◆ Your task: When copying the listing below, skip every picture and repeat exactly the lines from the first one through the line that contains "[00:01.000] | セツナイのは…セツナイのは… |".

◆ Available data:
+++

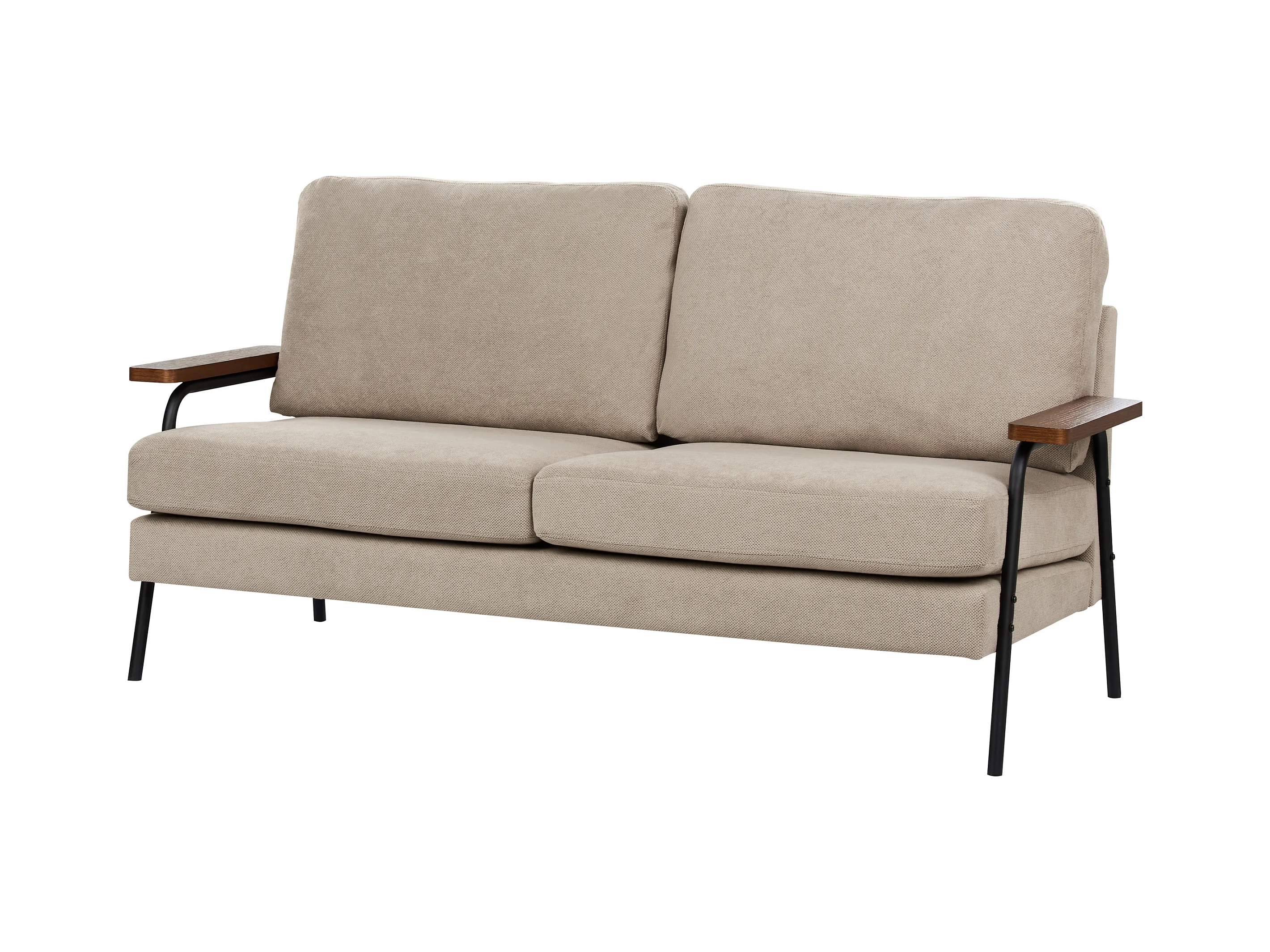 Sofa Stoff beige / taupe 3-Sitzer gepolstert Holz Armlehnen Wohnzimmer Arkanes
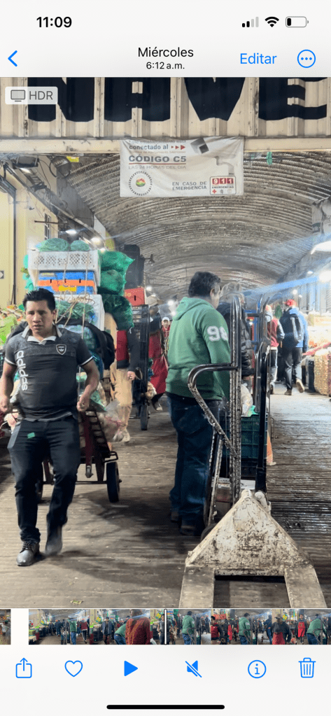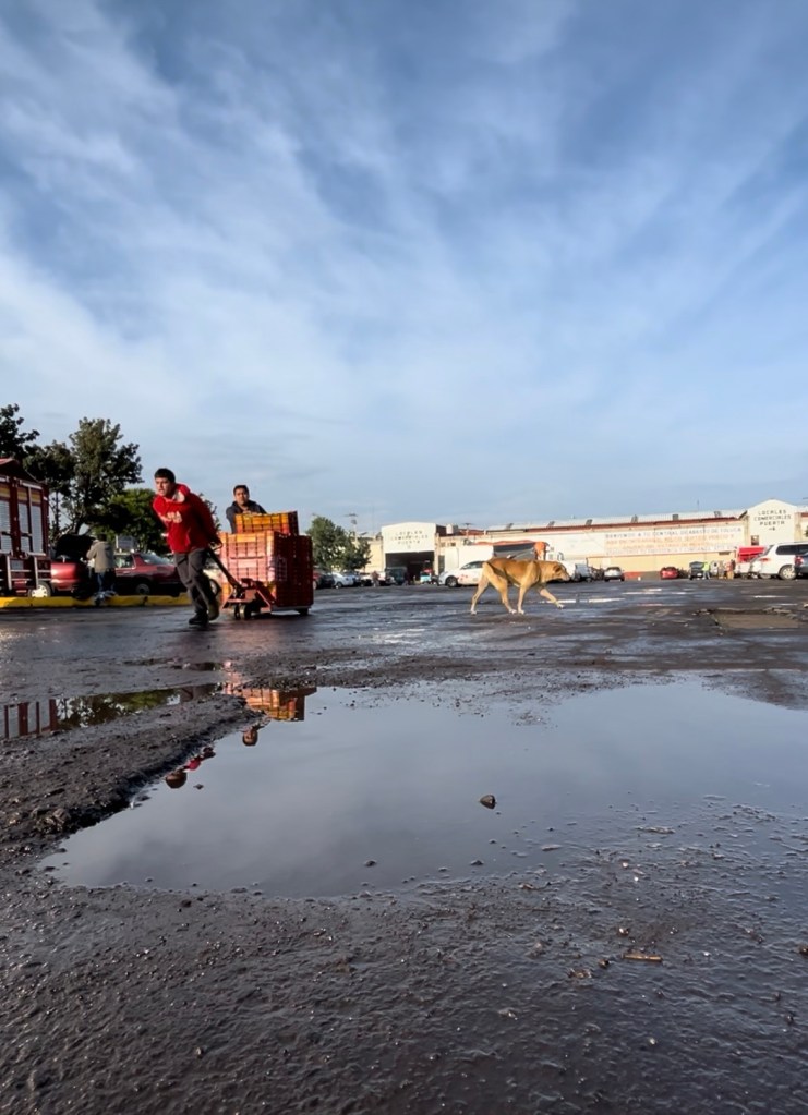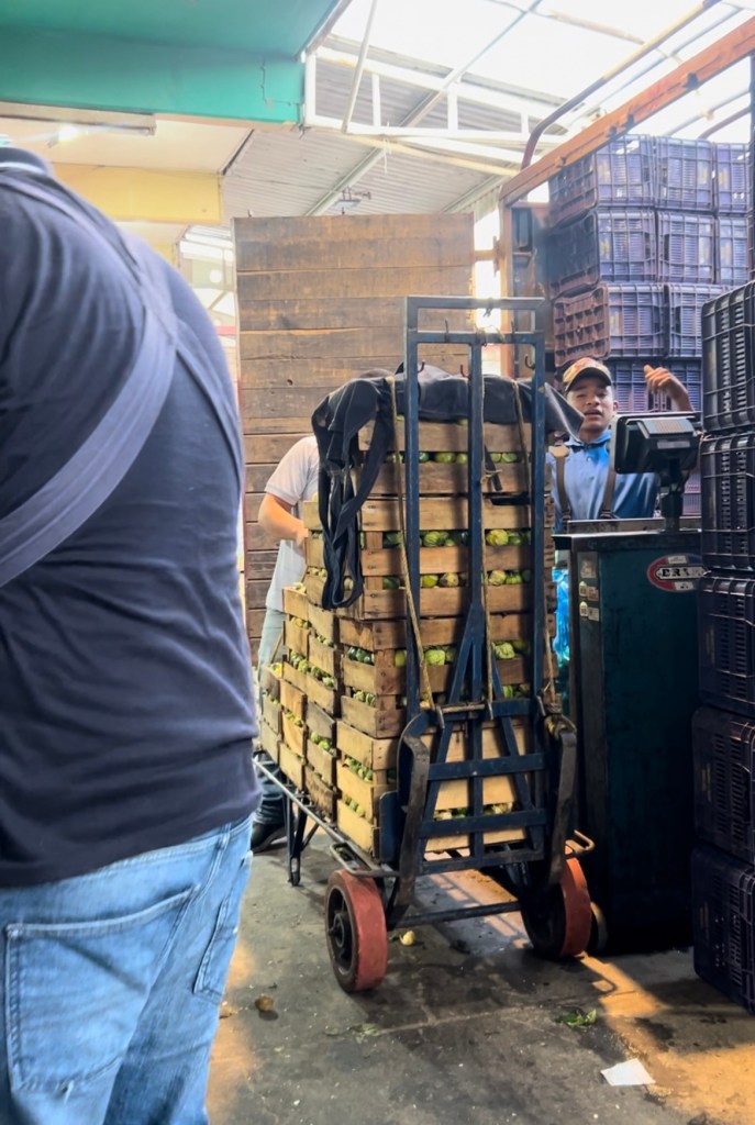 —¡Hay va el golpe! —grita “El Pelón», mientras cruza el pasillo de la nave “I” jalando su diablito con 300 kilos de verduras.
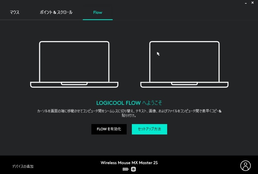 - 全てのPCにLOGICOOL OPTIONをインストール、FLOWを有効化させる。
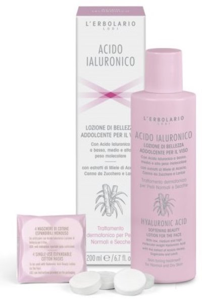 Trattamento dermotonico per pelli normali e secche, con Acido Ialuronico a basso, medio e alto peso molecolare con estratti di Miele di Acacia, Canna da Zucchero e Larice.
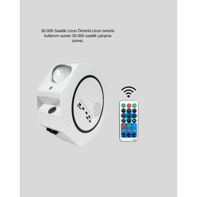 Yıldızlı gökyüzü projeksiyon lambası, romantik ve huzurlu bir atmosfer oluşturmak isteyenler için tasarlanmıştır. 360° döndürülebilir yapısı ile ışık açısı dilediğiniz gibi ayarlanabilir.Farklı aydınlatma modları, ortamın ruh halini değiştirmenize yardımcı olur. Uzaktan kumanda ve zamanlayıcı fonksiyonu, pratik kullanım sunar. Taşınabilir tasarımı sayesinde her ortamda rahatlıkla kullanılabilir.
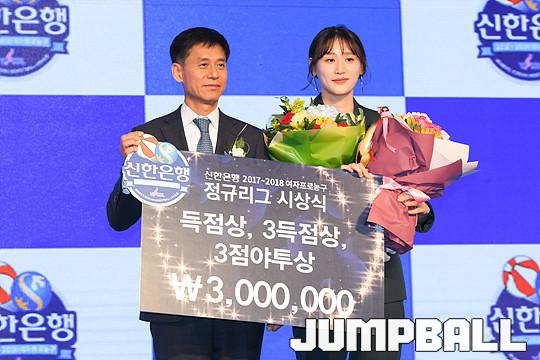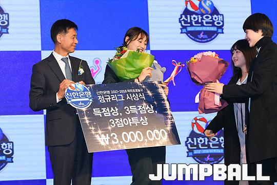 [점프볼=더케이호텔/유용우 기자] 2017-2018 여자프로농구(WKBL) 정규리그 시상식이 8일 서울 서초구 양재동 더케이호텔 그랜드볼룸에서 개최됐다. KEB하나은행 강이슬이 득점상, 3득점상, 3점야투상을 수상하고 있다.
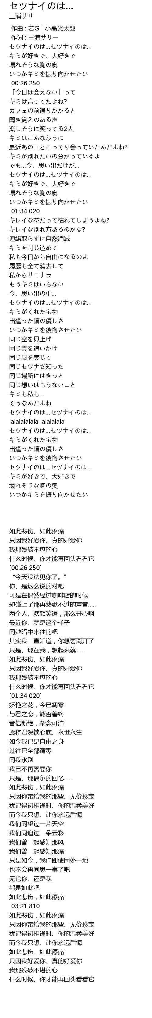 | [00:01.000] | セツナイのは…セツナイのは… |
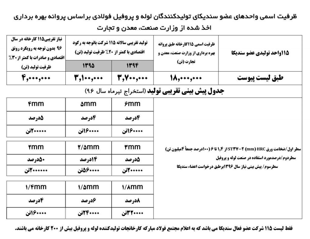 خبرهای روابط عمومی / زنجیره فولاد / گزارش های مرتبط با تامین مواد اولیه ۲۸ تیر ۱۳۹۶ شناسه خبر : 1698 ظرفیت اسمی واحد های عضو سندیکا + پیش بینی تقریبی تولید (تیرماه۱۳۹۶)
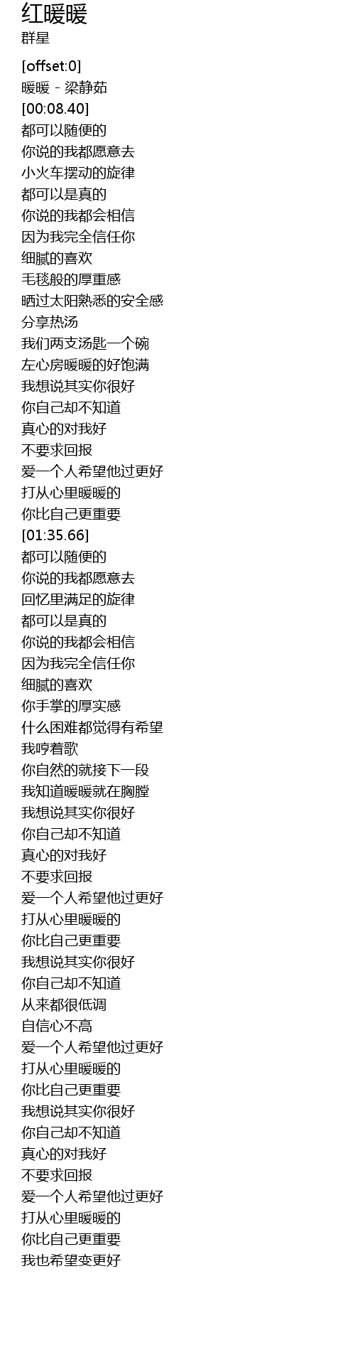 | [00:02.55] | 暖暖 - 梁静茹 |
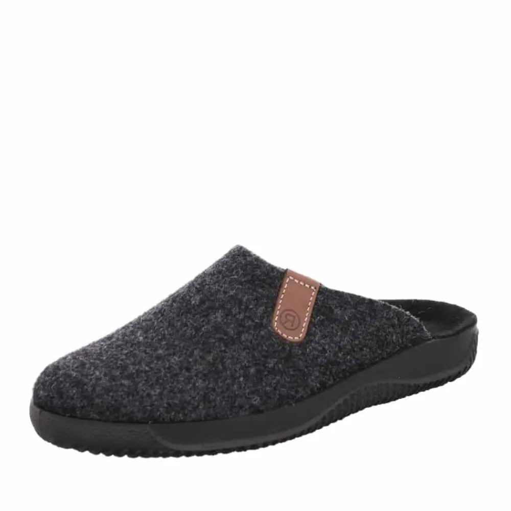 Rohde hjemmesko til herre i grå. Dejlig hjemmesko til herre i en flot mørkegrå farve med en fin Rohde detalje på siden. Hjemmeskoen er lavet i noget lækkert filt materiale, der giver en behagelig og lun fornemmelse dagen lang. Med en god og solid ydersål der er udstyret med et godt mønster under sålen, kan du også bruge hjemmeskoen udenfor.
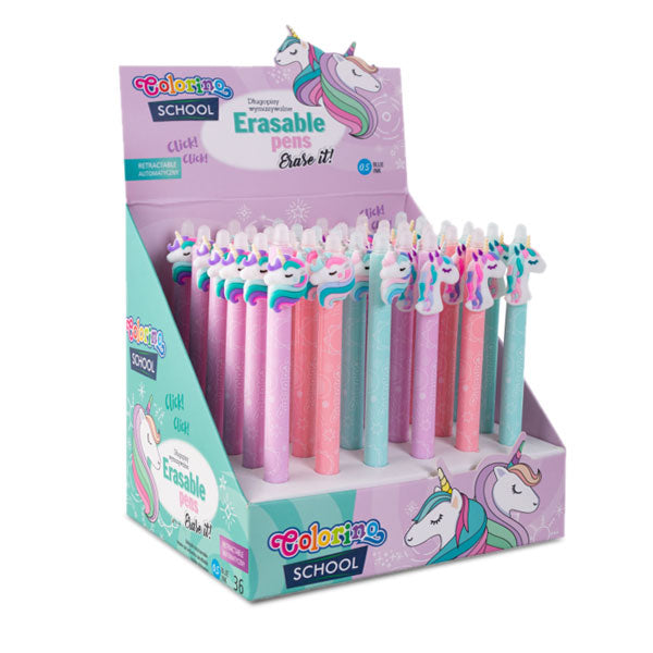 Automatinis trinamas rašiklis COLORINO vienaragis, įvairių spalvų, 0,5 mm
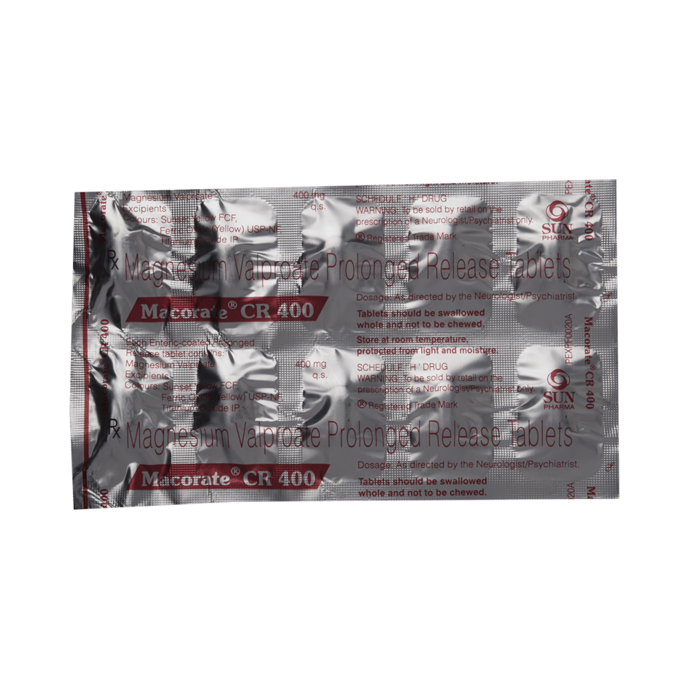 In Epilepsy/SeizuresMacorate CR 400 Tablet helps prevent and control seizures (fits) by decreasing the nerve impulses which cause the seizures. By controlling the frequency of seizures, it will help you go about your daily activities with more confidence. It helps reduce symptoms such as confusion, uncontrollable jerking movements, loss of awareness, and fear or anxiety.This medicine is not associated with any physical or psychological dependence (addiction) but it should not be stopped suddenly. It must be taken regularly as prescribed to be effective. Missing doses may trigger a seizure.In Bipolar disorderMacorate CR 400 Tablet works to restore the normal balance of nerve activity in your brain. It can help prevent extreme changes in mood and help you feel less agitated. You may experience fewer episodes of low mood. It can take several weeks for this medicine to work and you may still feel low during this time. It is likely that you will take this medicine for at least six months but possibly much longer. It needs to be taken regularly to work effectively. Do not stop taking it unless your doctor advises you to. You should continue to eat well and keep fit to reduce symptoms of bipolar disorder.show moreshow less
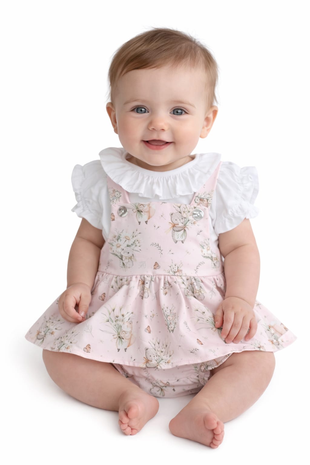 Blusa com folho e saia tapa-fralda para bebé, perfeito para manter o seu bebé confortável e cheio de estilo nos dias mais quentes. Um conjunto prático, delicado e ideal para o dia a dia ou momentos especiais.

+++

◆ Answer below:
 Sofa Stoff beige / taupe 3-Sitzer gepolstert Holz Armlehnen Wohnzimmer Arkanes
 —¡Hay va el golpe! —grita “El Pelón», mientras cruza el pasillo de la nave “I” jalando su diablito con 300 kilos de verduras.
 - 全てのPCにLOGICOOL OPTIONをインストール、FLOWを有効化させる。
 Trattamento dermotonico per pelli normali e secche, con Acido Ialuronico a basso, medio e alto peso molecolare con estratti di Miele di Acacia, Canna da Zucchero e Larice.
 Yıldızlı gökyüzü projeksiyon lambası, romantik ve huzurlu bir atmosfer oluşturmak isteyenler için tasarlanmıştır. 360° döndürülebilir yapısı ile ışık açısı dilediğiniz gibi ayarlanabilir.Farklı aydınlatma modları, ortamın ruh halini değiştirmenize yardımcı olur. Uzaktan kumanda ve zamanlayıcı fonksiyonu, pratik kullanım sunar. Taşınabilir tasarımı sayesinde her ortamda rahatlıkla kullanılabilir.
 [점프볼=더케이호텔/유용우 기자] 2017-2018 여자프로농구(WKBL) 정규리그 시상식이 8일 서울 서초구 양재동 더케이호텔 그랜드볼룸에서 개최됐다. KEB하나은행 강이슬이 득점상, 3득점상, 3점야투상을 수상하고 있다.
 | [00:01.000] | セツナイのは…セツナイのは… |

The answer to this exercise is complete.